-MapFileoutput Format: keys out of order when emitting in reduce (Hadoop 0.20)
Saptarshi Guha 2009-12-23, 20:46
I re-wrote MapFileOutputFormat for use with Hadoop 0.20.1 and have a question.
Suppose my Map sends key-value pairs to the reducers.
In my reducer, for a given key value, i emit key1,value1, key2,value2, ... ,
e.g the key (sent to reduce) is e780f987932c84d41e4f14d7607fcb69c6889
(stored as bytes writable
variation) and value is several lines
In the reduce, i emit
key=(e780f987932c84d41e4f14d7607fcb69c6889, 1), value= subset of values
key=(e780f987932c84d41e4f14d7607fcb69c6889, 2), value= subset of values and so
(The key, values stored in a binary form, the comparator is a binary
So the reduce will be emitting keys in a not necessarily sorted order and
MapOutputFormat throws the following exception:
Reduce:java.io.IOException: key out of order:
after "e72e96c506c4e5cefbc2889e124228f67d121" "10"
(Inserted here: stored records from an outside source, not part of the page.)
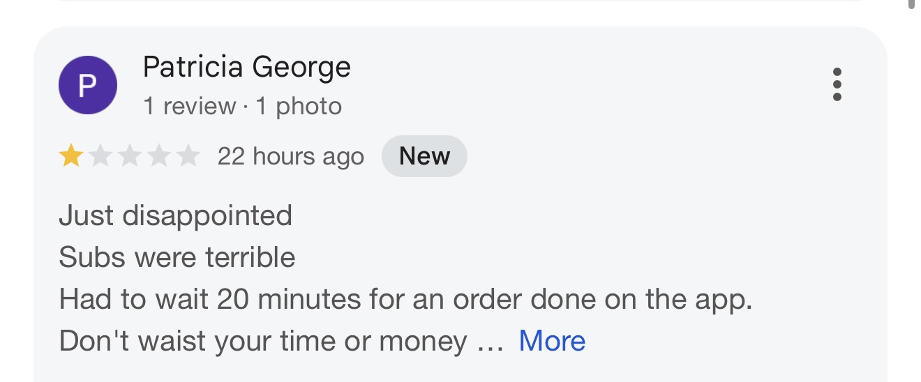 Ā Ā Ā Read moreI DO LIKE THIS LOCATION!!!! HOW EVER YESTERDAY I DID IN APP ORDER AND YOU WOULD THINK THEY WOULD MAKE YOUR SUB LIKE IF YOU WERE STANDING IN FRONT OF THEM. (GOD ONLY KNOWS WHAT THEY REALLY DO WHEN PREPPING YOUR FOOD WHILE NOT THERE). I ASKED FOR EXTRA JALAPENOS AND EXTRA BLACK PEPPER. MY SUB HAD 5 JALAPENOS NO LIE I COUNTED THEM :'(. ON HALF OF MY SUB THERE WAS HARDLY ANY STEAK ON IT. I ALSO PUT ON THE SPECIAL INSTRUCTIONS NO SOGGY TOMATOES OR BROWN LETTUCE. THE LETTUCE WAS NOT BROWN BUT THE TOMATOES WERE VERY SOGGY. I LOVE MY TOMATOES FIRM AND A SOGGY TOMATOE MAKES YOUR FOOD SOUR VERY DISAPPONITED. (I THINK THEY DO IT ON PURPOSE AND GET MAD WHEN YOU ASK FOR CERTAIN VEGGIES). NOT TO MENTION ONE OF THE EMPLOYEES AS SOON AS I WALKED IN SAID DOORDASH YEAH I HEARD HER JUST WANTED FOR HER TO REPEAT HERSELF. NORMALLY THEY WOULD SAY...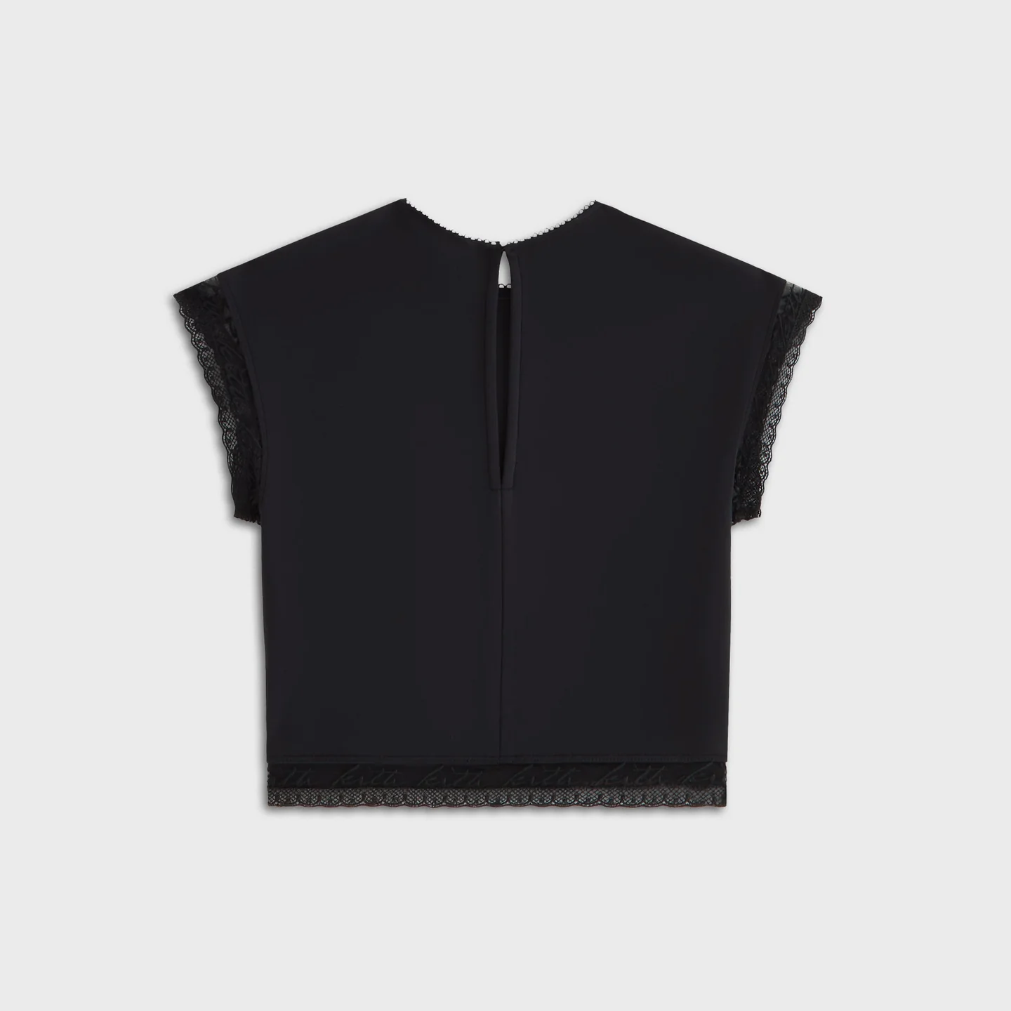 Открытый вырез (open neckline) элегантно обрамляет зону декольте, добавляя образу женственности. Главный секрет модели скрывается сзади — изящная петля с застежкой на пуговицу (keyhole with button closure at the back) открывает соблазнительный фрагмент спины, делая образ неожиданным и запоминающимся. Рукава и подол декорированы эксклюзивным кружевом Kith с фирменным узором (custom Kith-branded woven lace-trimmed sleeves and hem), которое добавляет нотку романтики и роскоши.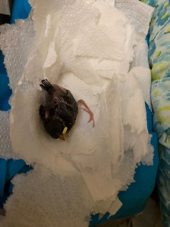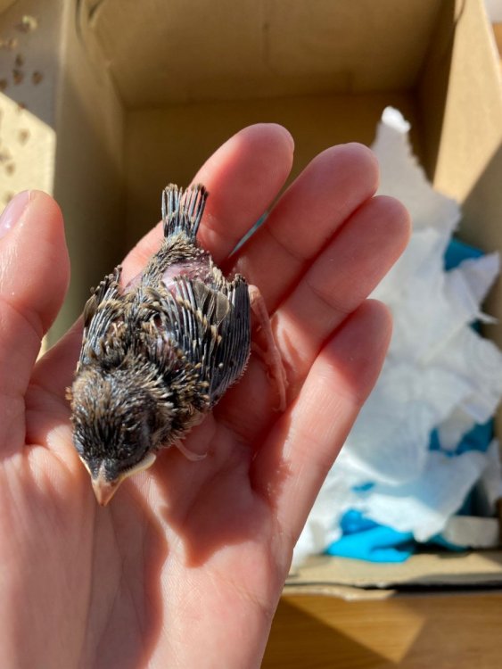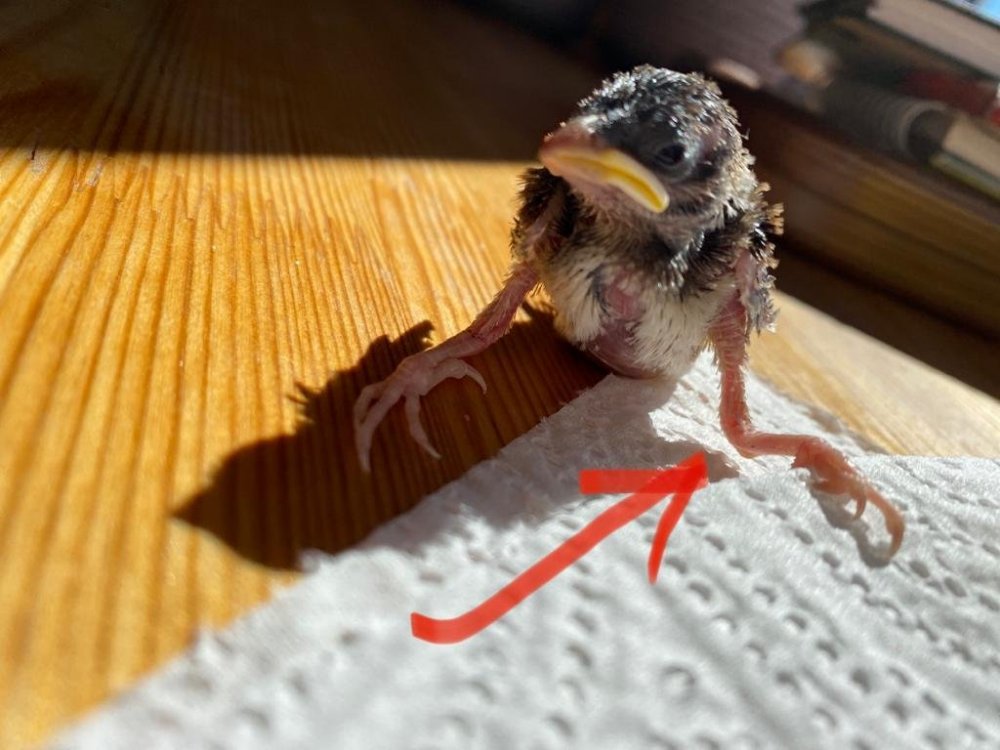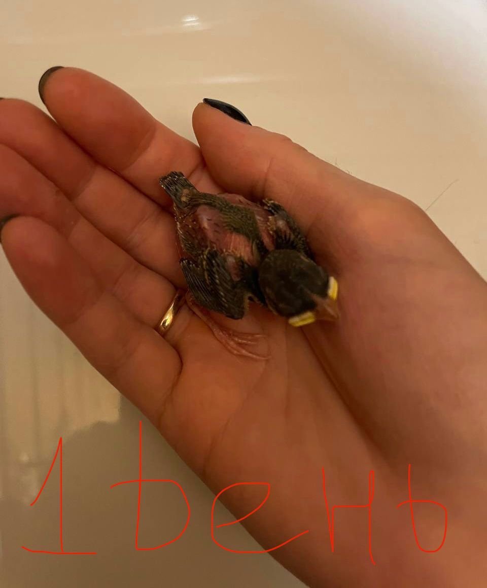 2. Здравствуйте! Живу в частном доме, в воскресенье с утра на асфальте нашла малыша. Был вялый, очень холодный, сколько пролежал неизвестно и чудом не был съеден кошками. Был лысенький почти, с трубочками на крыльях, хвостике. Под крышей гнездо воробьев, подсунуть его назад было невозможно. Птенец живет уже 4 дня. Активно кушает. Кормлю мороженными сверчками (основная еда), зоофобос по 2-3 червячка в день, мешанка 2-3 приема (яйцо, куриная грудка, пшено, творог обданный кипятком, перемолотая яичная скорлупа, гамарус сушеный измельченный, морковь стружка, не много зелени, кальция глюконат). Кушает раз в 30-40 минут с 5.30 утра до 23.00. Во время трех приемов пищи чуть обмакиваю еду в ветом (ветеринарный пробиотик), и один раз в молотый кальция глюконат (т.к. есть в мешанке). В каждый прием две капли воды из пипетки. Живет в коробке, тряпочками сделано подобие гнезда, застелено рваными салфетками. В коробке всегда горячая бутылка с водой (завернутая в ткань). За 4 дня прибавилось оперения, на фото видно. Птенчика вытаскиваю под солнышко на 20 минут в день, чуть прикрывая его, чтобы были не прямые лучи солнца. Есть две проблемы и один вопрос. Проблема первая: Птенчик какает с большим количеством воды, но не всегда. Вчера даже показалось, что помет пахнет (извиняюсь за подробности, почти как человеческий). Сегодня уже нет. Нет четкой капсулы, все прям жиденькое, фото прилагаю. Проблема вторая: Птенчик постоянно оттопыривает одну лапку и сидит заваленный на один бок. Что с этим делать? Возможно, травма от падения? Упал же на асфальт. Если берешь в руки, вроде лапки ровно, но все равно норовит завалиться. Если ползет, лапка движется, сгибается, но идет последней. Вопрос, нужно ли добавлять витамины в воду? Есть витамины попугая биофар, фото также прилагаю. Срок годности нормальный, храню в холодильнике. Вот правда совсем не помню, когда были открыты( Посоветуйте, как решить проблемы, очень хочется спасти малыша и вырастить здоровым.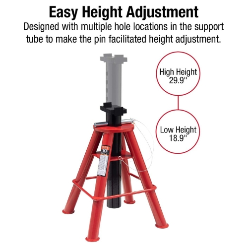Sunex 1310 10-Ton Medium Height Pin Type Jack Stands, Pair, Red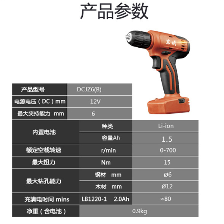 東成12V充電式起子電鉆DCJZ6(B)金屬鉆夾頭穩(wěn)固不脫落,高強度精鋼打造,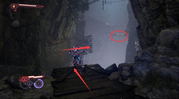 就在我們即將通過下一個(gè)橋梁時(shí),橋梁被風(fēng)擊破,導(dǎo)致我們掉落至谷底。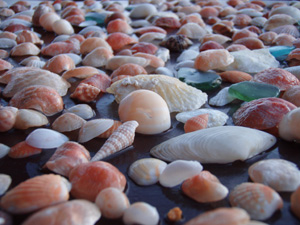 ついつい夢中になって貝殻拾いをしていると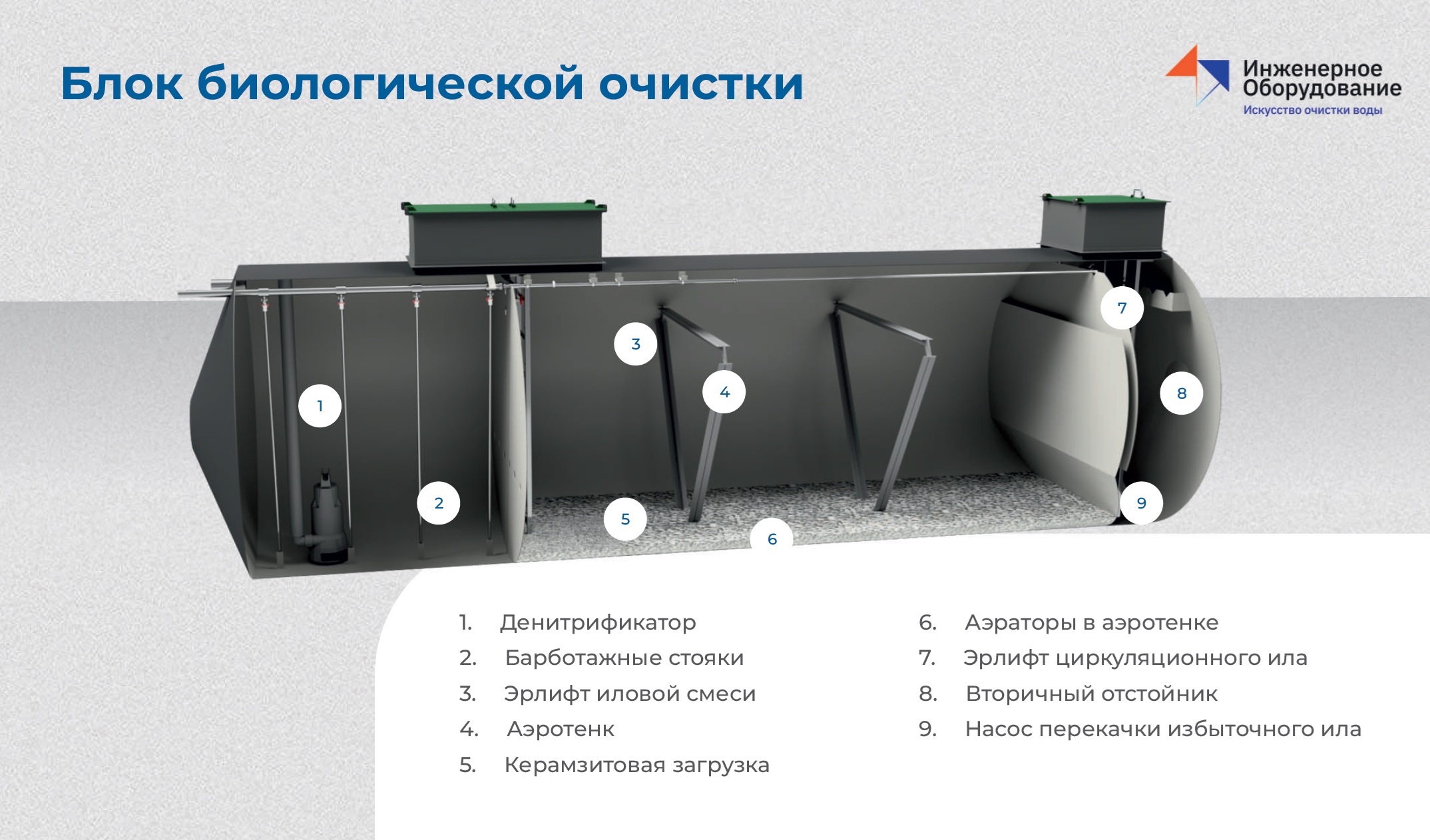 • ГЛУБОКАЯ многоступенчатая БИОЛОГИЧЕСКАЯ ОЧИСТКА с использованием иммобилизующей загрузки.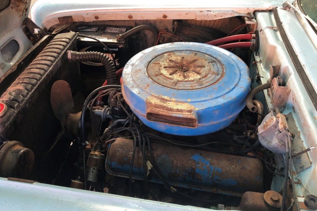 Under the hood is the 352ci V8, which is backed by the 3-speed Cruise-O-Matic transmission. The owner says that the engine currently doesn’t run, but that it does turn freely. It’s unknown how long the car has been sitting for, but it does look as though some attempt has been made to revive the Skyliner. It sports a new fan belt, new radiator hoses, and some new fuel lines and a new fuel filter, so it looks like there will be a bit of detective work awaiting the new owner. The car has been fitted with brand new white-wall tires, which is also a plus.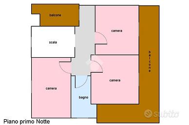 - piano primo: due camere matrimoniali, cameretta, bagno e due balconi.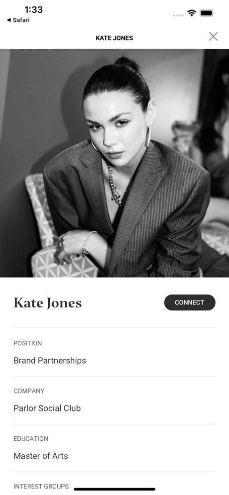 Download the app and submit an application. Parlor reviews every applicant to maintain a curated community of creatives, professionals, and tastemakers. Once accepted, you set your interests across culture, business, and health & wellness. The app builds a personalized event calendar — think gallery openings, supper clubs, wellness workshops, and professional mixers — and recommends members you're likely to click with. RSVP to events that catch your eye, connect with other members before or after, and let Parlor handle the curation. The algorithm learns from your feedback to refine your recommendations over time.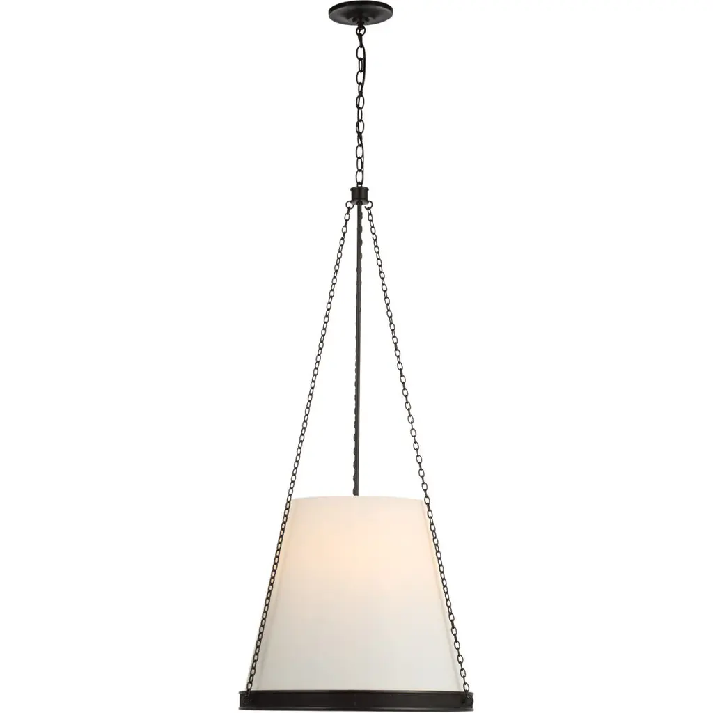 Transport yourself back in time to the most exclusive club in 1920s New York City with the classic Speakeasy pendant. With a white linen empire shade wrapped around a classically forged metallic hub, this collection will add the perfect amount of elegant ambiance to your space.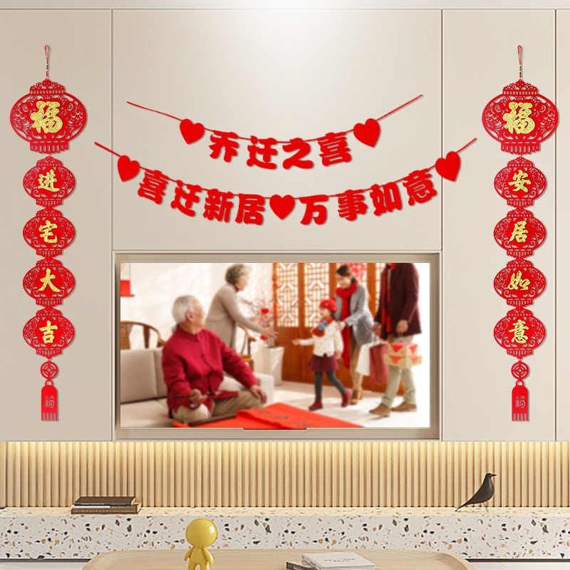 housewarming hanging flag + lantern couplet set with 2 hooks for free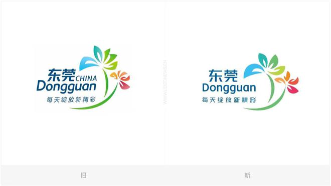 左侧的中英文字标以及口号的字体不再向右倾斜,同时去掉了「东莞」旁边的「china」字样;口号「每天绽放新精彩」的字体做了全新18luck新利全站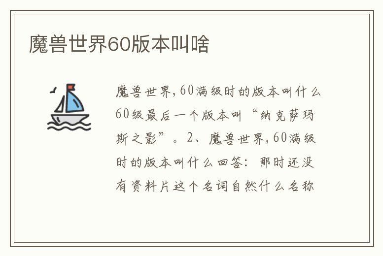 魔獸世界,60滿級時(shí)的版本叫什么60級最后一個(gè)版本叫“納克薩瑪斯之影”。2、魔獸世界,60滿級時(shí)的版本叫什么回答:那時(shí)還沒有資料片這個(gè)名詞自然什么名稱都沒有現(xiàn)在都是叫經(jīng)典舊世的。3、魔獸世界60級的版本叫什么《魔獸世界1.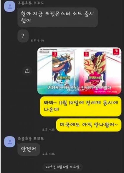 출시 이전부터 오랜 기간 동안 포켓몬스터 소드를 목 빠지게 기다려 온 동생과, 그런 동생의 투정을 모두 들어주는 형의 보기 좋은 모습이 그려졌다.

(out of order using binary comparator)
I know the reduce receives keys in sorted order, but the keys it emits may not
be, so I'm not totally surprised.
Q1: Is this expected with MapFileOutputFormat?
Q2: Is the work around to emit as SequenceFileOutputFormat, then run an identity
map (with a reduce) and output as MapFileOutputFormat? If so, doesn't this force
the user to use double the space(at least)?